§ **Work item**
An exact copy of every entry is required, without the pictures.

§ **Given records**
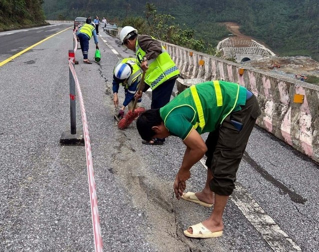 Nguyên nhân ban đầu được xác định, trong thời gian vừa qua do ảnh hưởng của cơn bão số 12 gây mưa lớn kéo dài, mặt đường xuất hiện vết nứt mới có nguy cơ mất an toàn giao thông.
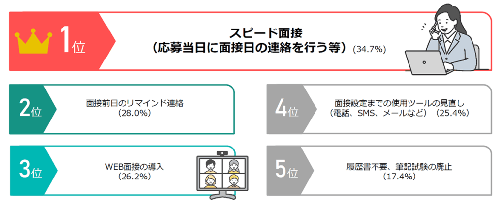 スピード面接以外にも、面接前日のリマインド連絡、WEB面接の導入が上位に。
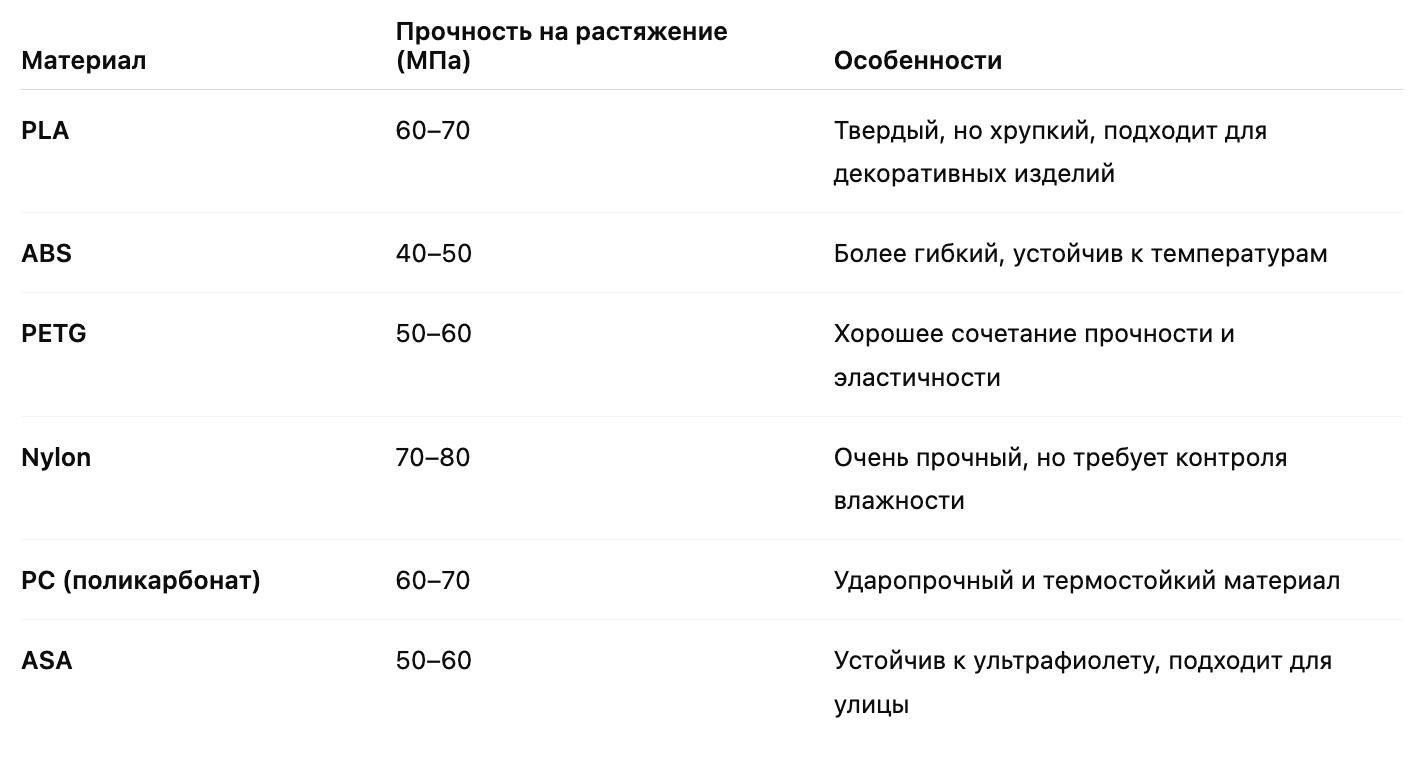 Прочность разных материалов для 3D печати
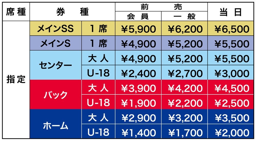 此外,随着全席位指定席化,座位分配和价格将与通常比赛不同,购买时请注意。
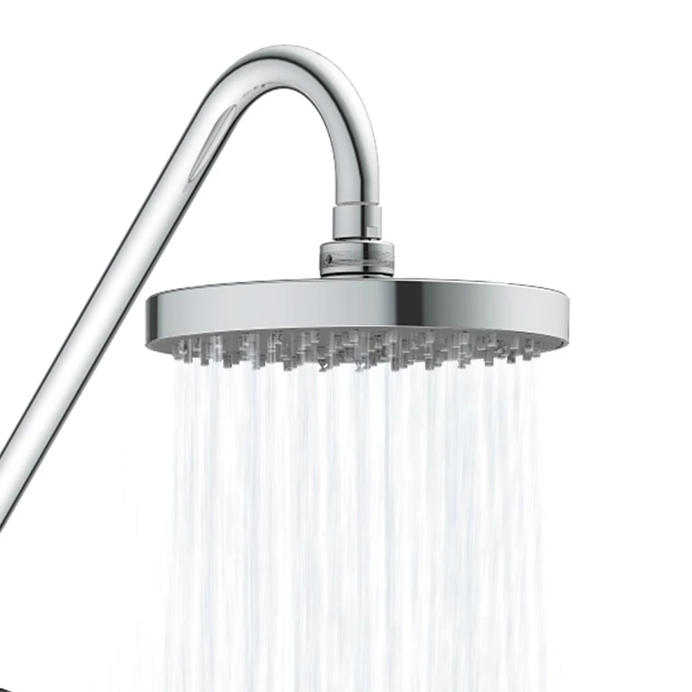 - 8 in. Rain showerhead with soft tips to clear mineral buildup for long-lasting performance
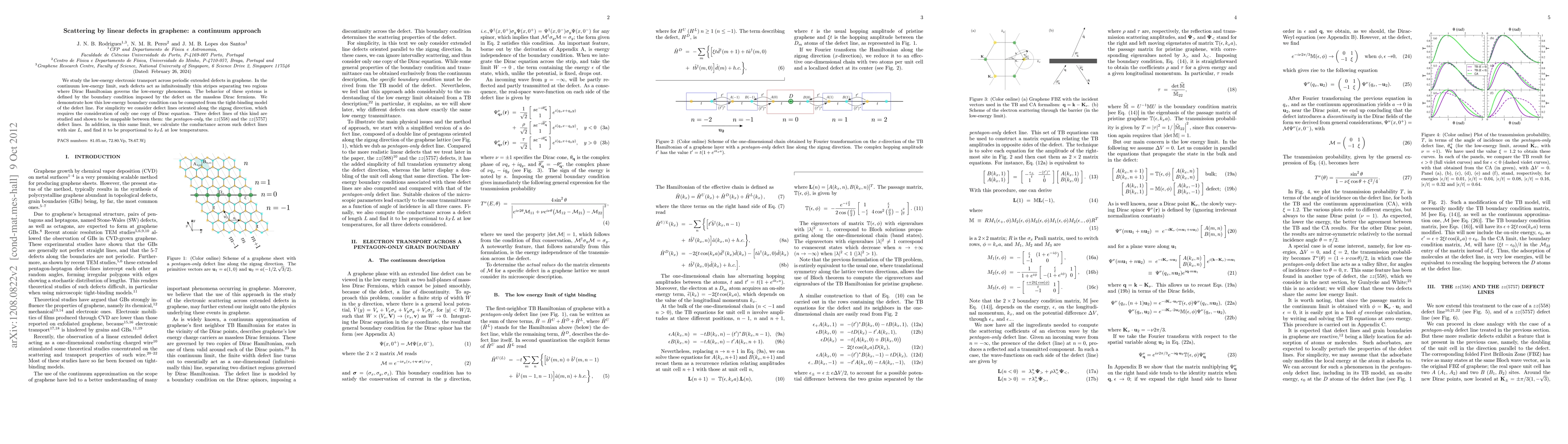 We study the low-energy electronic transport across periodic extended defects in graphene. In the continuum low-energy limit, such defects act as infinitesimally thin stripes separating two regions where Dirac Hamiltonian governs the low-energy phenomena. The behavior of these systems is defined by the boundary condition imposed by the defect on the massless Dirac fermions. We demonstrate how this low-energy boundary condition can be computed from the tight-binding model of the defect line. For simplicity we consider defect lines oriented along the zigzag direction, which requires the consideration of only one copy of Dirac equation. Three defect lines of this kind are studied and shown to be mappable between them: the pentagon-only, the zz(558) and the zz(5757) defect lines. In addition, in this same limit, we calculate the conductance across such defect lines with size L, and find it to be proportional to k_FL at low temperatures.
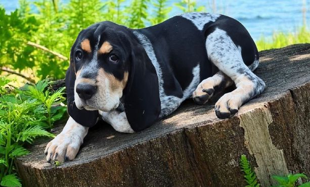 Our Bluetick Coonhound puppies are blue ticked and tan. Colors will vary depending on the parent dogs.
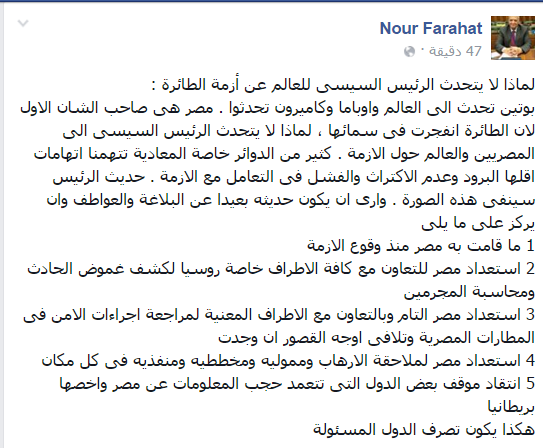أعرب الدكتور نور فرحات، أستاذ القانون بجامعة الزقازيق، عن دهشته من عدم تحدث عبدالفتاح السيسي للعالم عن أزمة الطائرة الروسية التي سقطت بسيناء، كما تحدث عدة رؤساء لدول غربية.
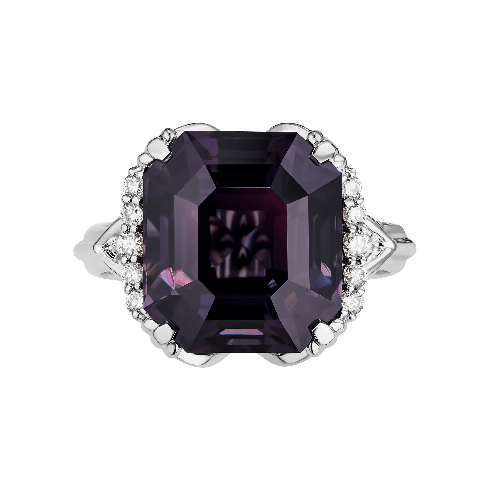 В кольце «Черничный закат» шпинель весом 10,81 карата становится центром притяжения – камнем, в котором ночь и закат встречаются в одной точке. При дневном свете он раскрывается мягкими фиалковыми бликами, при вечернем – густеет до цвета бархата, сохраняя внутреннее свечение. Именно эта переменчивость оттенков делает бирманскую шпинель объектом коллекционного вожделения и символом благородного вкуса.
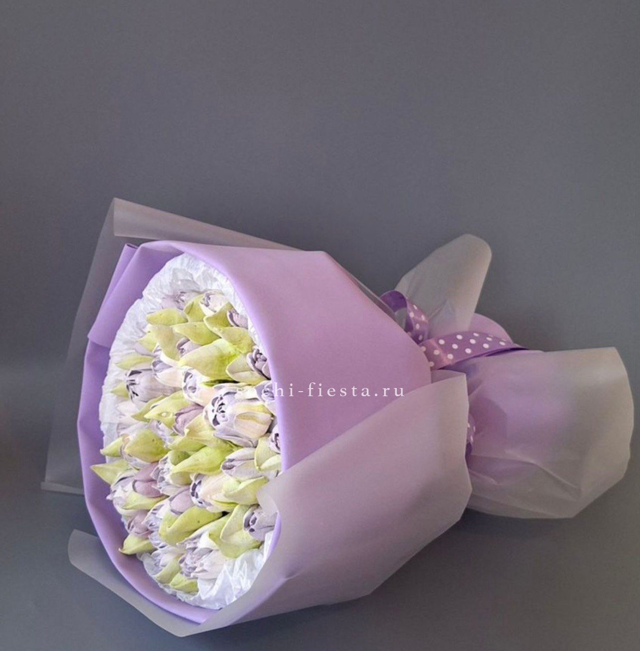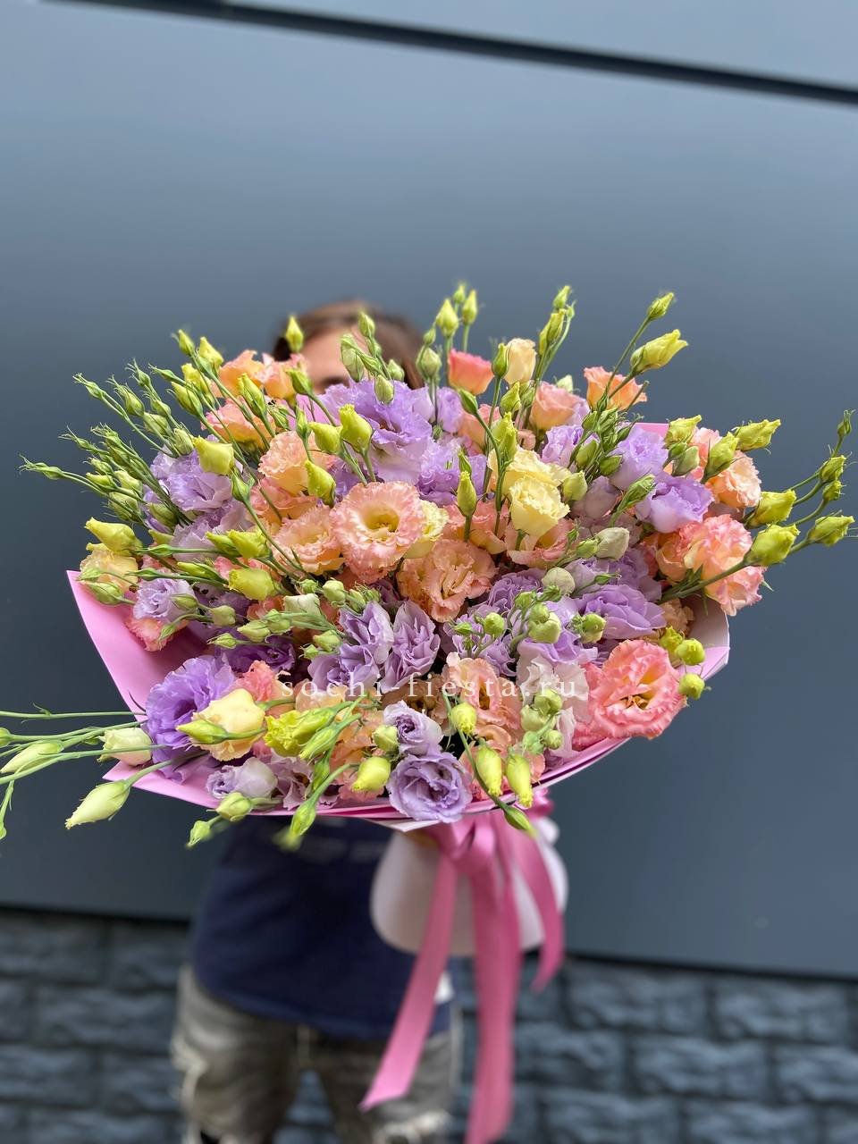 Сто один стебель белоснежной эустомы с многоярусными бутонами собраны в воздушный букет. Каждый цветок напоминает миниатюрную розу и вместе они образуют лёгкую скульптурную форму.
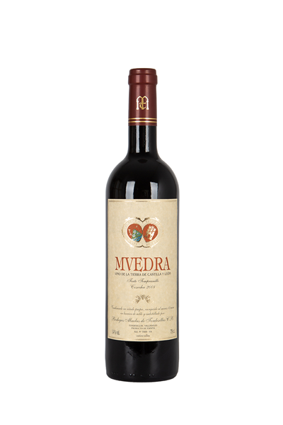 MUEDRA CRIANZA TINTO, TEMPRANILLO. D.O.RUEDA. VIÑEDO VIEJO. BARRICAS DE ROBLE AMERICANO Y FRANCÉS.
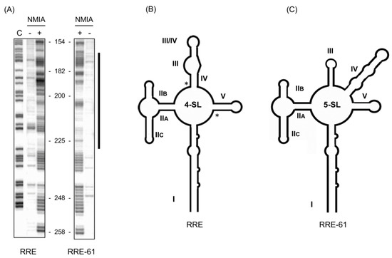 Mutations conferring resistance to trans-dominant RevM10 therapy induce a conformational change in the HIV-1 RRE. (A) Structural probing of the wild-type RRE (left) and RevM10-resistant RRE-61 (right). (C) Control DNA sequencing lane from which nucleotide numbering was derived. Designations − and + refer to untreated and NMIA-treated RNA, respectively. Major alterations in chemical reactivity are indicated by the bar. (B,C) Cartoons depicting SHAPE-derived conformations of wild-type RRE and RRE-61. SL, stem-loop. Positions of RRE point mutations, inducing RevM10 resistance, are indicated by asterisks in (B). Modified from Reference [47].
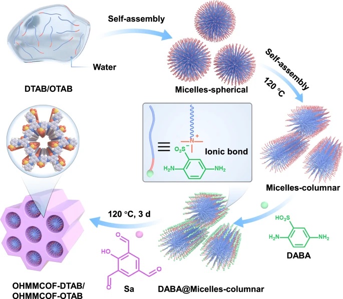 2)合成OHMMCOF-DTAB/OHMMCOF-OTAB:通过将十二烷基三甲基溴化铵(DTAB)或十八烷基三甲基溴化铵(OTAB)作为软模板,与Sa和DABA反应,合成了含有有序层次微孔/介孔结构的COFs。
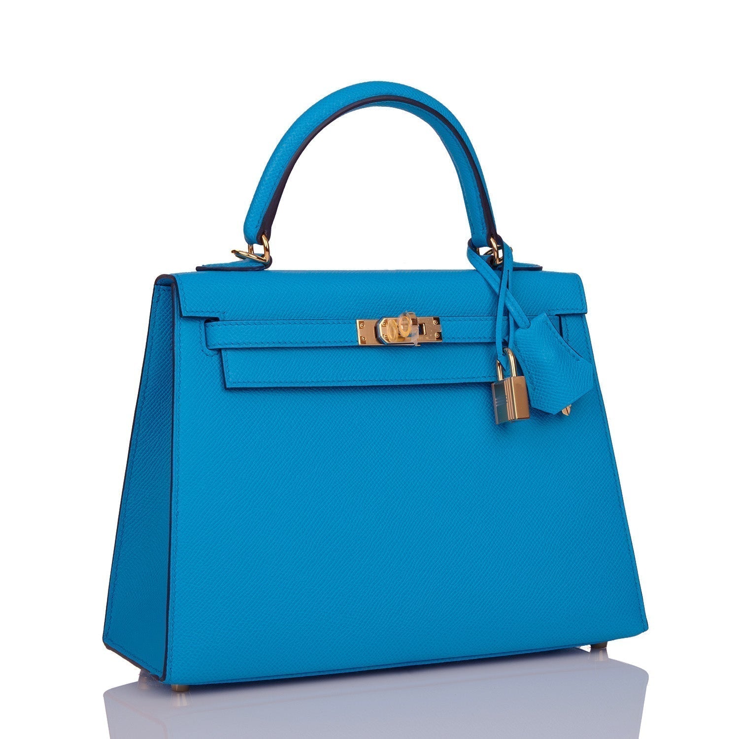 Hermes Kelly 25 Sellier Bleu Frida Epsom Gold Hardware
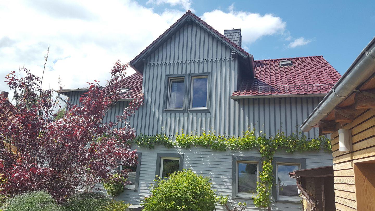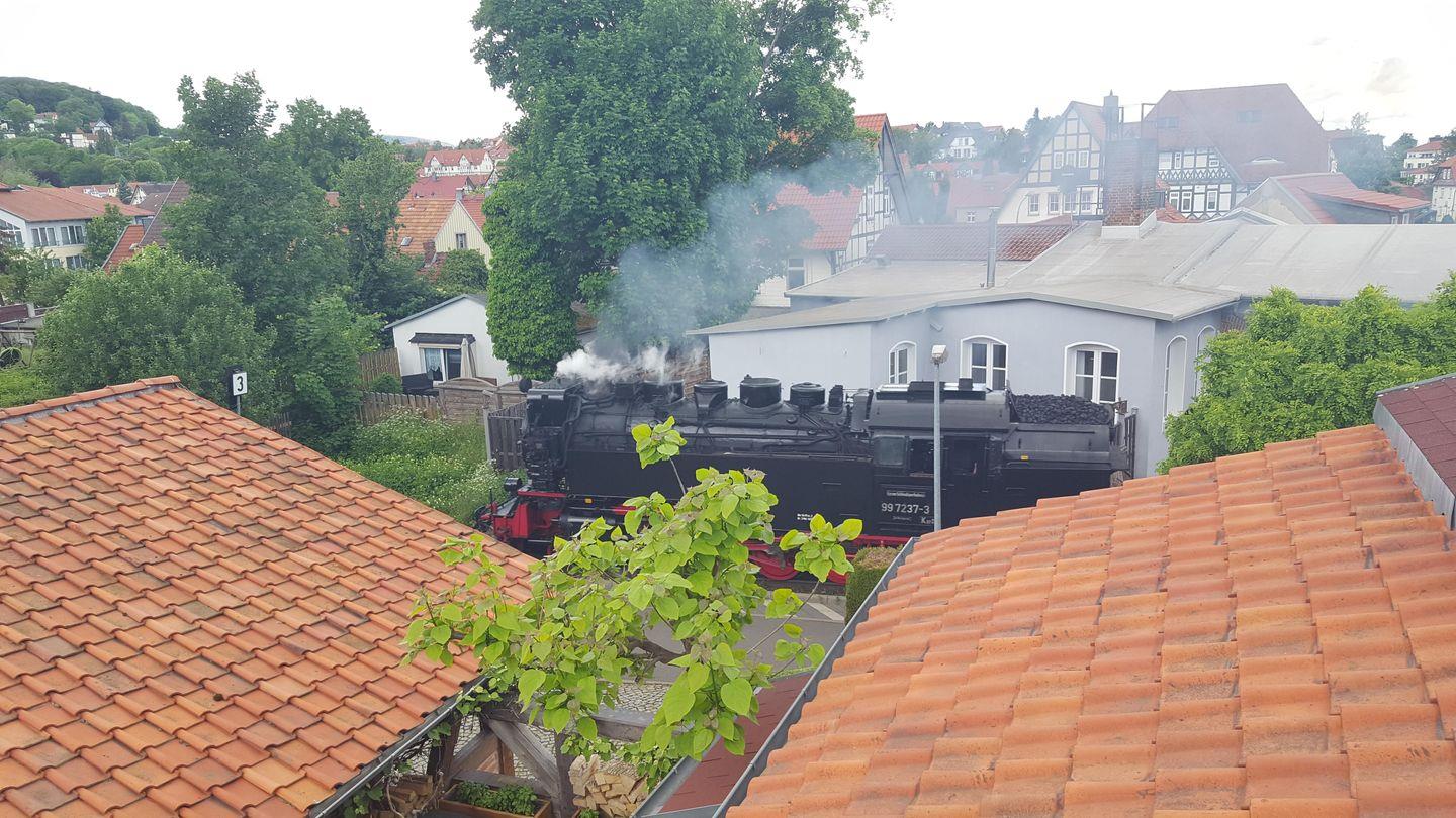 Eine moderne Ferienwohnung im Obergeschoss mit Blick auf die Brockenbahn, in ruhiger zentraler Lage von Wernigerode. Sie können so gut wie jedes beliebte Ausflugsziel in Wernigerode zu Fuß erreichen. Die liebevoll eingerichtete Wohnung mit 2 Schlafräumen und 4 Schlafmöglichkeiten bietet genügend Platz für die Familie. Ein bequemes Sofa im Wohnbereich kann zu einem komfortablen Bett mit Federkernmatratze umfunktioniert und somit zusätzliche Schlafmöglichkeiten für 2 Personen geschaffen werden. Es gibt 2 kleine Badezimmer mit jeweils einer Dusche und einem WC. Das Wohnzimmer mit Flachbildfernseher und der Essbereich mit Durchreiche zur Küche bieten sich zum geselligen Verweilen an. Vom Balkon mit 6 Sitzmöglichkeiten hat man einen schönen Blick auf die unmittelbar vorbeifahrende Harzer Schmalspurbahn. Auf dem Grundstück sind 2 Parkplätze für unsere Gäste reserviert.
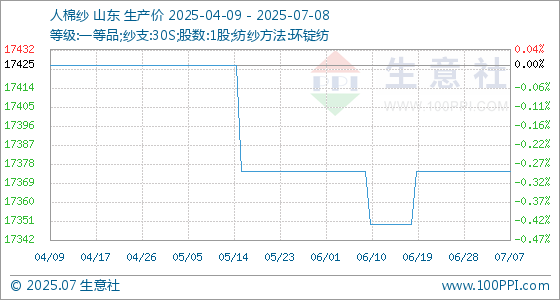 7月8日,生意社人棉纱基准价为17375.00元/吨,与本月初持平。
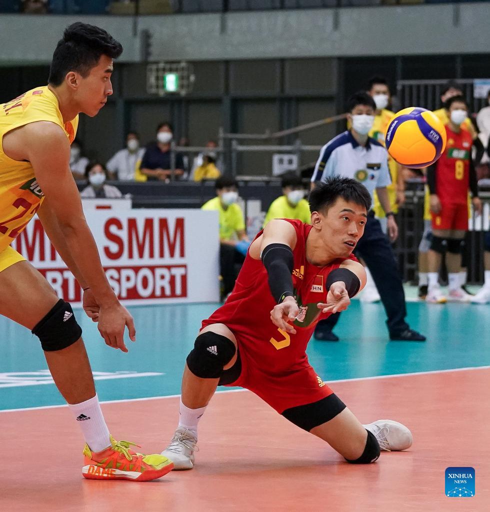 Yang Yiming (R) of China passes the ball during the semi-final against Iran at the 21st Asian Senior Men's Volleyball Championship in Chiba, Japan on Sept. 18, 2021. (Photo by Christopher Jue/Xinhua)

§ **Exercise answer**
 Nguyên nhân ban đầu được xác định, trong thời gian vừa qua do ảnh hưởng của cơn bão số 12 gây mưa lớn kéo dài, mặt đường xuất hiện vết nứt mới có nguy cơ mất an toàn giao thông.
 スピード面接以外にも、面接前日のリマインド連絡、WEB面接の導入が上位に。
 Прочность разных материалов для 3D печати
 此外,随着全席位指定席化,座位分配和价格将与通常比赛不同,购买时请注意。
 - 8 in. Rain showerhead with soft tips to clear mineral buildup for long-lasting performance
 We study the low-energy electronic transport across periodic extended defects in graphene. In the continuum low-energy limit, such defects act as infinitesimally thin stripes separating two regions where Dirac Hamiltonian governs the low-energy phenomena. The behavior of these systems is defined by the boundary condition imposed by the defect on the massless Dirac fermions. We demonstrate how this low-energy boundary condition can be computed from the tight-binding model of the defect line. For simplicity we consider defect lines oriented along the zigzag direction, which requires the consideration of only one copy of Dirac equation. Three defect lines of this kind are studied and shown to be mappable between them: the pentagon-only, the zz(558) and the zz(5757) defect lines. In addition, in this same limit, we calculate the conductance across such defect lines with size L, and find it to be proportional to k_FL at low temperatures.
 Our Bluetick Coonhound puppies are blue ticked and tan. Colors will vary depending on the parent dogs.
أعرب الدكتور نور فرحات، أستاذ القانون بجامعة الزقازيق، عن دهشته من عدم تحدث عبدالفتاح السيسي للعالم عن أزمة الطائرة الروسية التي سقطت بسيناء، كما تحدث عدة رؤساء لدول غربية.
 В кольце «Черничный закат» шпинель весом 10,81 карата становится центром притяжения – камнем, в котором ночь и закат встречаются в одной точке. При дневном свете он раскрывается мягкими фиалковыми бликами, при вечернем – густеет до цвета бархата, сохраняя внутреннее свечение. Именно эта переменчивость оттенков делает бирманскую шпинель объектом коллекционного вожделения и символом благородного вкуса.
 Сто один стебель белоснежной эустомы с многоярусными бутонами собраны в воздушный букет. Каждый цветок напоминает миниатюрную розу и вместе они образуют лёгкую скульптурную форму.
 MUEDRA CRIANZA TINTO, TEMPRANILLO. D.O.RUEDA. VIÑEDO VIEJO. BARRICAS DE ROBLE AMERICANO Y FRANCÉS.
 Mutations conferring resistance to trans-dominant RevM10 therapy induce a conformational change in the HIV-1 RRE. (A) Structural probing of the wild-type RRE (left) and RevM10-resistant RRE-61 (right). (C) Control DNA sequencing lane from which nucleotide numbering was derived. Designations − and + refer to untreated and NMIA-treated RNA, respectively. Major alterations in chemical reactivity are indicated by the bar. (B,C) Cartoons depicting SHAPE-derived conformations of wild-type RRE and RRE-61. SL, stem-loop. Positions of RRE point mutations, inducing RevM10 resistance, are indicated by asterisks in (B). Modified from Reference [47].
 2)合成OHMMCOF-DTAB/OHMMCOF-OTAB:通过将十二烷基三甲基溴化铵(DTAB)或十八烷基三甲基溴化铵(OTAB)作为软模板,与Sa和DABA反应,合成了含有有序层次微孔/介孔结构的COFs。
 Hermes Kelly 25 Sellier Bleu Frida Epsom Gold Hardware
 Eine moderne Ferienwohnung im Obergeschoss mit Blick auf die Brockenbahn, in ruhiger zentraler Lage von Wernigerode. Sie können so gut wie jedes beliebte Ausflugsziel in Wernigerode zu Fuß erreichen. Die liebevoll eingerichtete Wohnung mit 2 Schlafräumen und 4 Schlafmöglichkeiten bietet genügend Platz für die Familie. Ein bequemes Sofa im Wohnbereich kann zu einem komfortablen Bett mit Federkernmatratze umfunktioniert und somit zusätzliche Schlafmöglichkeiten für 2 Personen geschaffen werden. Es gibt 2 kleine Badezimmer mit jeweils einer Dusche und einem WC. Das Wohnzimmer mit Flachbildfernseher und der Essbereich mit Durchreiche zur Küche bieten sich zum geselligen Verweilen an. Vom Balkon mit 6 Sitzmöglichkeiten hat man einen schönen Blick auf die unmittelbar vorbeifahrende Harzer Schmalspurbahn. Auf dem Grundstück sind 2 Parkplätze für unsere Gäste reserviert.
 7月8日,生意社人棉纱基准价为17375.00元/吨,与本月初持平。
 Yang Yiming (R) of China passes the ball during the semi-final against Iran at the 21st Asian Senior Men's Volleyball Championship in Chiba, Japan on Sept. 18, 2021. (Photo by Christopher Jue/Xinhua)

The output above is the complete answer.